# welche kurbel ist SEHR leicht? 19mm tretlager



## MotoX&Dirt#211 (11. Januar 2009)

moin,
mir ist meine kurbel zu schwer, 
möchte jetzt wissen, welche kurbel zum dirten geignet ist.
habe eine von fuse (specialized original)


----------



## .nOx (11. Januar 2009)

khe hindenburg oder odyssey twombolt


----------



## MTB-News.de




----------



## MotoX&Dirt#211 (11. Januar 2009)

hatte vergessen zu sagen 26" hab ich 
aber passt ja denk ich trotzdem

jedoch kann ich per google keinen shop für die odyssey finden :/
welcher shop verkauft die denn?
kämen eigentlich auch alu kurbeln in frage?


----------



## lennarth (11. Januar 2009)

hindenburg ist echt gut.


----------



## .nOx (11. Januar 2009)

bikestation-bs.de


----------



## MotoX&Dirt#211 (11. Januar 2009)

hmm allet kloa...
aber die twombolt hat ne 22mm achse, 
bei mir passen nur 19mm?!
dann denke ich mal an die khe..


----------



## RISE (11. Januar 2009)

Wenn du neue Lager dazu nimmst, sollten auch 22mm Achsen passen. Vermutlich zumindest.


----------



## MotoX&Dirt#211 (11. Januar 2009)

okay danke,
bespräch ich mal mit meinem händler


----------



## gmozi (11. Januar 2009)

Snafu - mayweather ist auch angenehm.


----------



## MotoX&Dirt#211 (11. Januar 2009)

hab mich entschieden
also wenn keine alukurbel in frage kommt nehm ich die khe hindenburg


----------



## aZzu (11. Januar 2009)

MotoX&Dirt#211 schrieb:


> hab mich entschieden
> also wenn keine alukurbel in frage kommt nehm ich die khe hindenburg




Kauf die nicht, da die sehr Schnellkaputt geht!

Was hast du für ein BB? 68 oder 73 mm?
Da die BMX Kurbel alle für 68 mm ausgelegt sind.

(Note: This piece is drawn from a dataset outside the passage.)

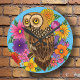 Coruja sentada entre um buquê de flores coloridas de verão num pano de fundo azul

Die Hindenburg und die Twombolt haben eine nicht austauschbare Achse!
Daher eine mit 19mm zb WTP Royal oder DK Social mit länger achse oder direkt die von Moshcore, weil die hat eine Breiter Achse.


mfg


----------



## MTB-News.de




----------



## lennarth (11. Januar 2009)

aZzu schrieb:


> Kauf die nicht, da die sehr Schnellkaputt geht!


aha.wusst ich ja garnicht.


----------



## NintendoCore (24. Januar 2009)

aZzu schrieb:


> Kauf die nicht, da die sehr Schnellkaputt geht!
> 
> Was hast du für ein BB? 68 oder 73 mm?
> Da die BMX Kurbel alle für 68 mm ausgelegt sind. Die Hindenburg und die Twombolt haben eine nicht austauschbare Achse!
> ...


ich fahre auch die WTP Royal ich bin echt überrascht  sehr geiles ding xO  oder geh einfach mal auf www.parano-garage.de die werden dich da auch beraten


----------